3.5          Notices. All notices, requests and other communications to any party hereunder shall be in writing and shall be deemed given (a) when delivered or sent if delivered in person or by facsimile transmission (provided confirmation of facsimile transmission is obtained), (b) on the third (3rd) Business Day after dispatch by registered certified mail, (c) on the next Business Day if transmitted by national overnight courier or (d) on the date delivered if sent by email (provided confirmation of email receipt is obtained), in each case as follows:

 

(a)          If to Purchaser, then as provided for in Section 11.1 of the Purchase Agreement; and

 

(b)          If to Shareholder, then to the address set forth on Shareholder’s signature page hereto.

 

3.6          Severability. If any term or other provision of this Agreement is determined by a court of competent jurisdiction to be invalid, illegal or incapable of being enforced by any applicable rule of Law or public policy, all other terms, provisions and conditions of this Agreement shall nevertheless remain in full force and effect and shall in no way be affected, impaired or invalidated so long as the economic or legal substance of the transactions contemplated hereby are not affected in any manner adverse to any party hereto. Upon such determination that any term or other provision is invalid, illegal or incapable of being enforced, the parties hereto shall negotiate in good faith to modify this Agreement so as to effect the original intent of the parties as closely as possible to the fullest extent permitted by applicable Law in an acceptable manner in order that the transactions contemplated hereby are fulfilled to the extent possible.

 

3.7          No Assignments; Binding Effect. Neither this Agreement nor any of the rights, interests or obligations hereunder shall be assigned, in whole or in part, by operation of Law or otherwise, by any of the parties hereto without the prior written consent of any other party hereto, except that Purchaser may assign, in its sole discretion, any of or all of its rights, interests and obligations under this Agreement to one (1) or more of its Affiliates, but no such assignment shall relieve Purchaser of any of its obligations hereunder. Subject to the preceding sentence, this Agreement shall be binding upon, inure to the benefit of, and be enforceable by, the parties hereto and their respective successors and permitted assigns.
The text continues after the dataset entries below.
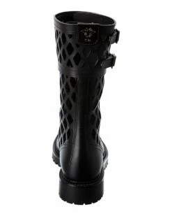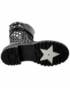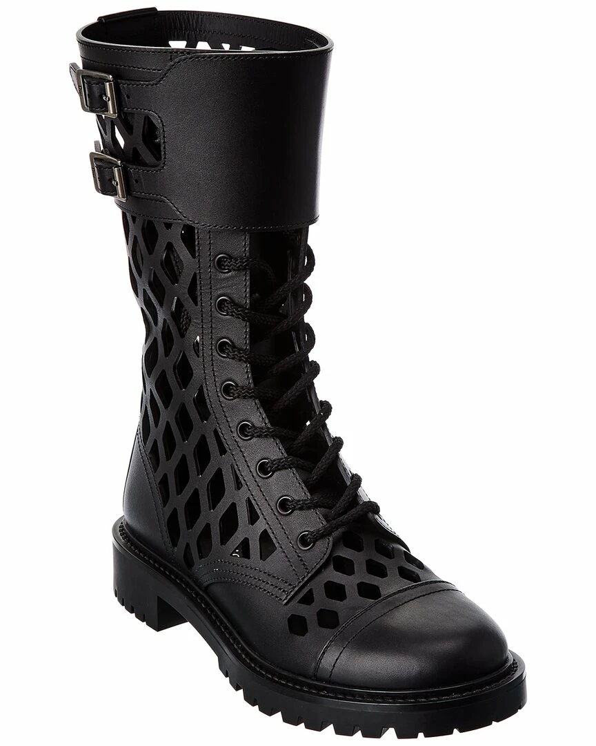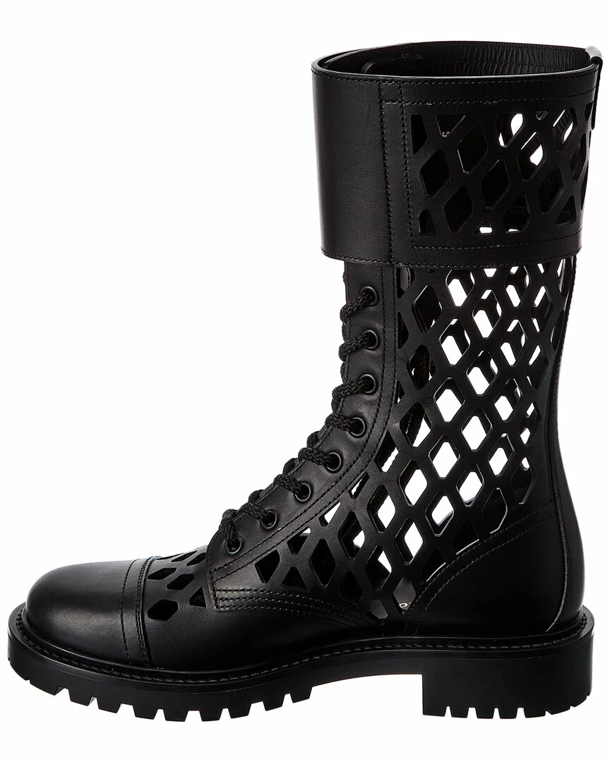 - D-Trap Leather Boot in black leather and silver-tone hardware with cutout design and buckle accents
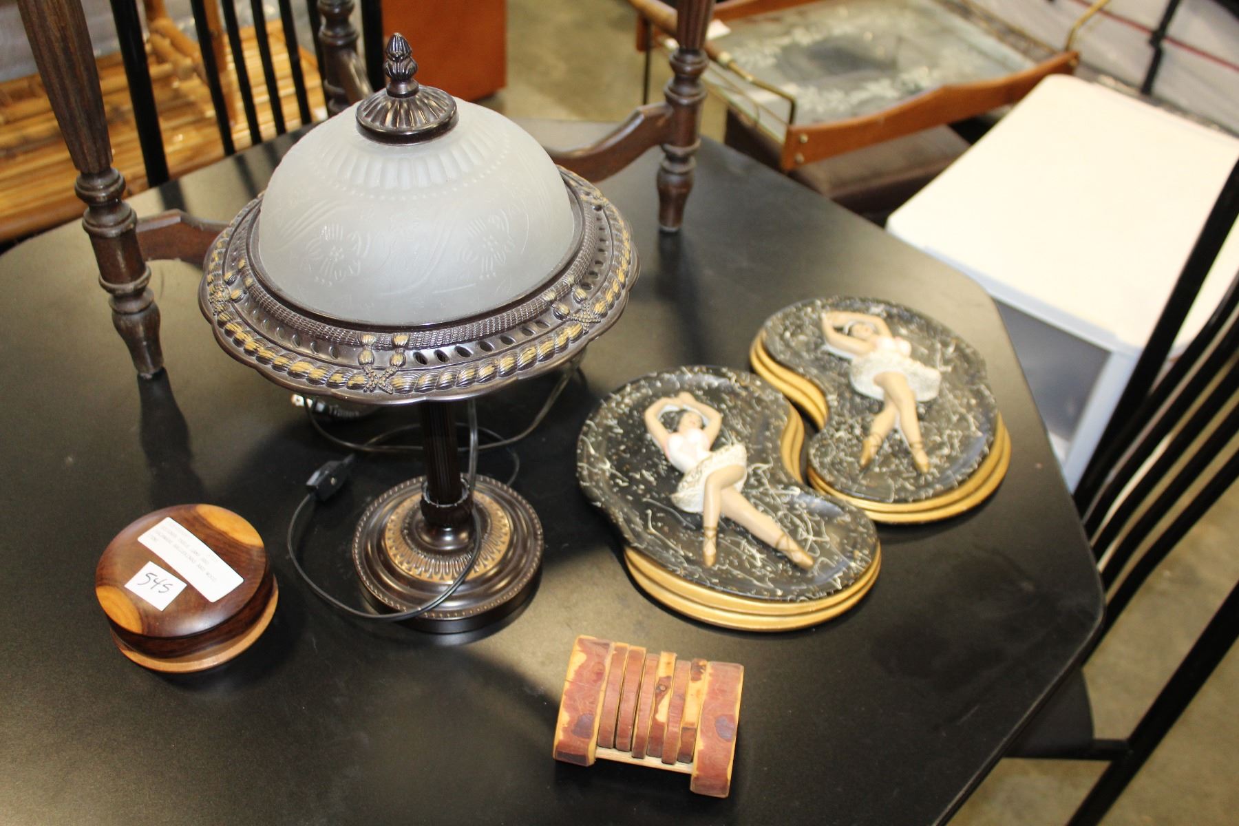 DESIGNER TABLE LAMP AND CHALKWARE BALLERINAS AND WOOD ITEMS
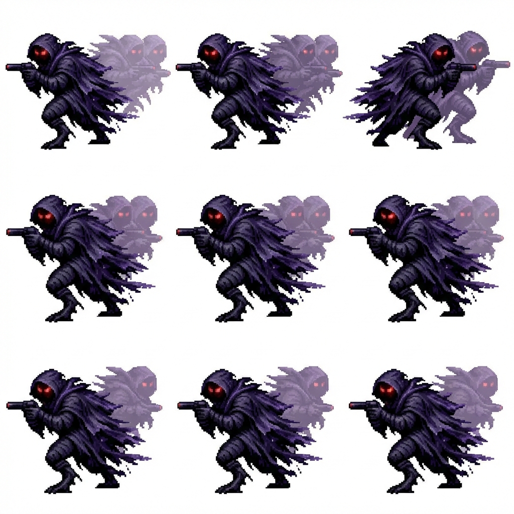 "THE WRAITH (Precision/Stealth) Starting Weapon: Suppressed Pistol | Archetype: Ghostly assassin Visual Design (65×75px) Table Copy Element Design Choice Silhouette Slender, hunched posture — suggests speed and elusiveness Head Hooded cloak with empty void where face should be; faint red glow from within Body Tattered trench coat that "flickers" at edges (transparency animation frames) Arms Long, almost skeletal — weapon held close to body Legs Digitigrade stance (on toes), ready to sprint Color Palette Charcoal black, deep purple shadows, blood-red accent glow Animation States Idle: Subtle "breathing" flicker, hood swaying Movement: Low crouch-run, coat trailing with motion blur frames Weapon Fire: Quick, minimal recoil — flash suppressed to dull red spark Corruption Progression: Hood dissolves revealing skull; coat becomes more tattered/ ethereal Distinctive Trait Ghost-trail effect on dash — leaves 2-3 fading afterimages"
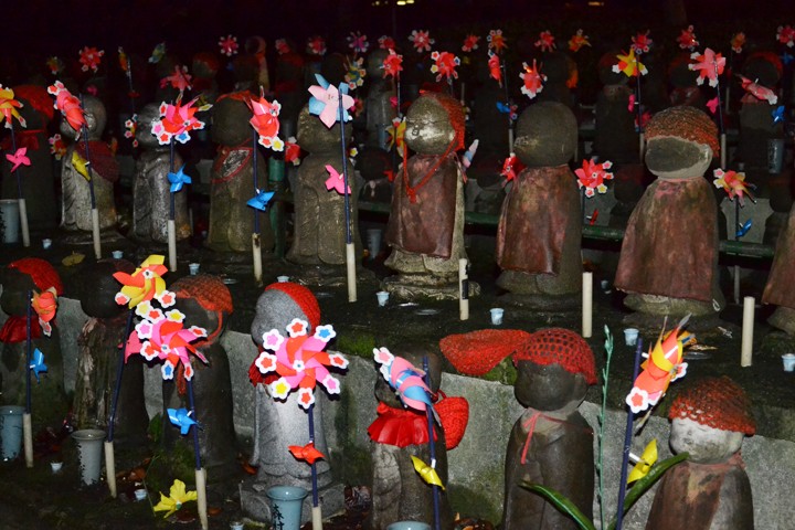 Our next mission was dinner. It was almost 8pm and we were all starving. On the way we passed a temple and more baby Jizo statues all in a row with their red knit caps, bibs, and pinwheels. They are really kind of creepy.

Any purported assignment not permitted under this Section  3.7 shall be null and void.

 

3.8          Acknowledgment. SHAREHOLDER HAS READ AND FULLY UNDERSTANDS THE TERMS AND CONDITIONS OF THIS AGREEMENT AND THE PURCHASE AGREEMENT AND AGREES TO ABIDE BY THE TERMS AND CONDITIONS HEREOF AND THEREOF. SHAREHOLDER HAD SUFFICIENT TIME TO CONSIDER THIS AGREEMENT AND PURCHASER AGREEMENT AND CONSULT WITH AN ATTORNEY, IF DESIRED, PRIOR TO SIGNING THIS AGREEMENT.

 

 

 

 

3.9          Effective Date; Termination. This Agreement shall become effective as of and contingent upon the Closing. This Agreement shall terminate upon the earlier of termination of the Purchase Agreement in accordance with its terms or at the lapse of thirty (30) days after the date on which the entire Holdback Amount shall be released pursuant to the terms of this Agreement; provided, however that the obligations of the parties under this ARTICLE II shall survive any such termination and shall be enforceable hereunder; provided, further, however, that nothing in this Section  3.9 shall relieve the parties hereto of any Liability for a breach of this Agreement prior to the effective date of such termination.

 

3.10        Counterparts. This Agreement may be executed in multiple counterparts, each of which will be deemed to be an original copy of this Agreement and all of which, when taken together, will be deemed to constitute one (1) and the same agreement. The exchange of a fully executed Agreement (in counterparts or otherwise) by electronic transmission in .PDF format or by facsimile shall be sufficient to bind the parties to the terms and conditions of this Agreement.

 

[THE REMAINDER OF THIS PAGE IS INTENTIONALLY LEFT BLANK]

 

 

 

 

IN WITNESS WHEREOF, the parties hereto have caused this Holdback Agreement to be duly executed as of the date first above written.

 

 

  IL MAKIAGE COSMETICS (2013) LTD.
     
     
  By: /s/ Oran Holtzman
    Name: Oran Holtzman
    Title: CEO

 

[SIGNATURE PAGE TO KEY EMPLOYEES HOLDBACK AGREEMENT]

 

 

 

 

  SHAREHOLDER
   
   
  /s/ Niv Price
  Name: Niv Price
   
   
  Address:  4 Shvil Hazahav Street, Ra’anana, Israel

 

[SIGNATURE PAGE TO KEY EMPLOYEES HOLDBACK AGREEMENT]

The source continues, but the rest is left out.